Estados tentam estancar perdas com ICMS
O gatilho para São Paulo propor a discussão de uma proposta de reforma tributária focada apenas no ICMS foi disparado pelos projetos aprovados recentemente pelo Congresso.
Para diminuir a alta de preços e frear a inflação às vésperas das eleições, o governo federal negociou com o Congresso a aprovação de dois projetos que reduziram a alíquota do tributo sobre combustíveis, energia elétrica, telecomunicações e transporte.
Diante da polêmica aberta com as alterações, foi formada uma comissão de conciliação, sob a condução do ministro Gilmar Mendes, do Supremo Tribunal Federal (STF), para buscar uma saída para o ano que vem. Diversas decisões judiciais também vêm reduzindo o escopo arrecadatório do ICMS, um problema para o caixa dos Estados nos próximos anos.
Os governadores alegam que as novas leis ampliaram a insegurança jurídica em torno do ICMS – que é a principal fonte de arrecadação dos governos regionais. Parte da sua arrecadação (25%) é também compartilhada com os municípios. Em 2021, os Estados arrecadaram R$ 659 bilhões com o ICMS, o equivalente a 7,56% do Produto Interno Bruto, de acordo com cálculos do Tesouro Nacional.
Ex-secretário de Fazenda e especialista na tributação do ICMS, o diretor institucional do Comsefaz, André Horta, considera que aprimorar o ICMS traria benefícios para o País, independentemente dos rumos que o Congresso tome no próximo ano quanto à tributação indireta.
Guerra fiscal
O emaranhado de regras do atual sistema tributário provoca uma guerra fiscal entre os Estados, sobretudo por meio de alíquotas interestaduais de cobrança do ICMS. Essa guerra acaba, na prática, inviabilizando a tributação na origem e no destino com uma série de manobras dos Estados para atrair investimentos.
No cenário de hoje, São Paulo, por exemplo, tem de dar incentivo tributário para não perder determinadas empresas e indústrias, assim como os Estados menos industrializados. A complexidade do sistema tributário faz o custo da produção no Brasil ser muito mais alto do que em outros países, afirmam os governadores.
O secretário de Fazenda de São Paulo, Felipe Salto, explica que, para simplificar, não seria necessário criar um novo imposto.

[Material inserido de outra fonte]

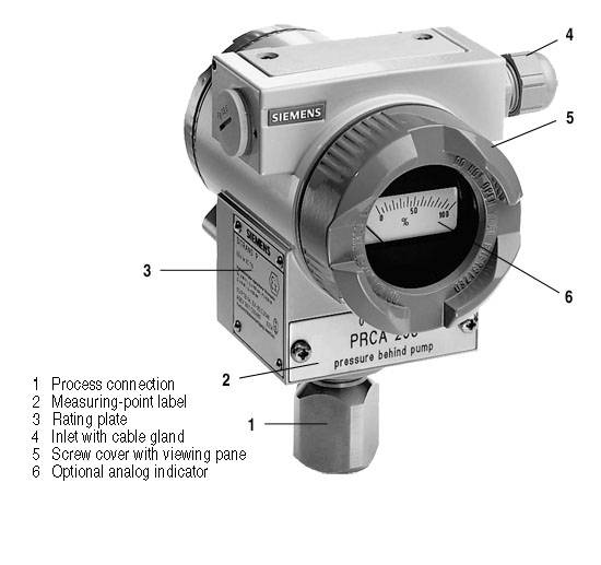 ДизайнSITRANS P измерительный преобразователь давления, серия МК II, вид прибора спереди Прибор, в зависимости от требований заказа, состоит из различных компонентов. Возможные варианты исполнения см. указания по заказу. Описанные ниже компоненты идентичны для всех приборов. Сбоку на корпусе среди прочего находится типовая табличка (3, рис. „Вид прибора спереди“) с заказным номером. Через указанный номер и данные в указаниях по заказу можно определить опционные детали конструкции и возможные диапазоны измерения (физические свойства встроенного сенсорного элемента). Напротив находится табличка с допусками. Корпус состоит из алюминиевого литья под давлением и точного литья из нерж. стали. На передней и задней стороне корпуса находится по одной съемной круглой крышке (5). Как опция измерительный преобразователь давления может быть оборудован аналоговым индикатором (6). Сбоку, по выбору слева или справа, находится подвод (4) для электрического подключения. Соответствующее не задействованное отверстие на противоположной стороне закрыто заглушкой. На задней стороне корпуса находится подключение заземляющего кабеля. После снятия задней крышки открывается доступ к электрическим соединениям для питания и экрана. В нижней части корпуса находится изм. ячейка с подключением к процессу (1). Изм. ячейка зафиксирована стопорным винтом от прокручивания. | ||||||||||||||||||||||||||||||||||||||||||||||||||||||||||||||||||||||||||||||||||||||||||||||||||||||||||||||||

De acordo com ele, esse poderia ser um primeiro passo na direção de uma reforma mais ampla. “Melhor avançar do que ficar parado”, argumenta ele, diante dos problemas adicionais gerados com as mudanças recentes do ICMS.
Um dos entraves para a reforma, mesmo com a nova proposta de São Paulo, ainda persistiria: a criação de fundo de desenvolvimento regional com recursos para os Estados investirem em projetos. Como a reforma pressupõe o fim da guerra fiscal, os Estados mais pobres terão mais dificuldade para atrair investimentos via incentivos tributários. Esse fundo teria de ter recursos aportados pela União. Pela proposta de São Paulo, os Estados teriam acesso aos recursos do fundo apresentando projetos de investimento.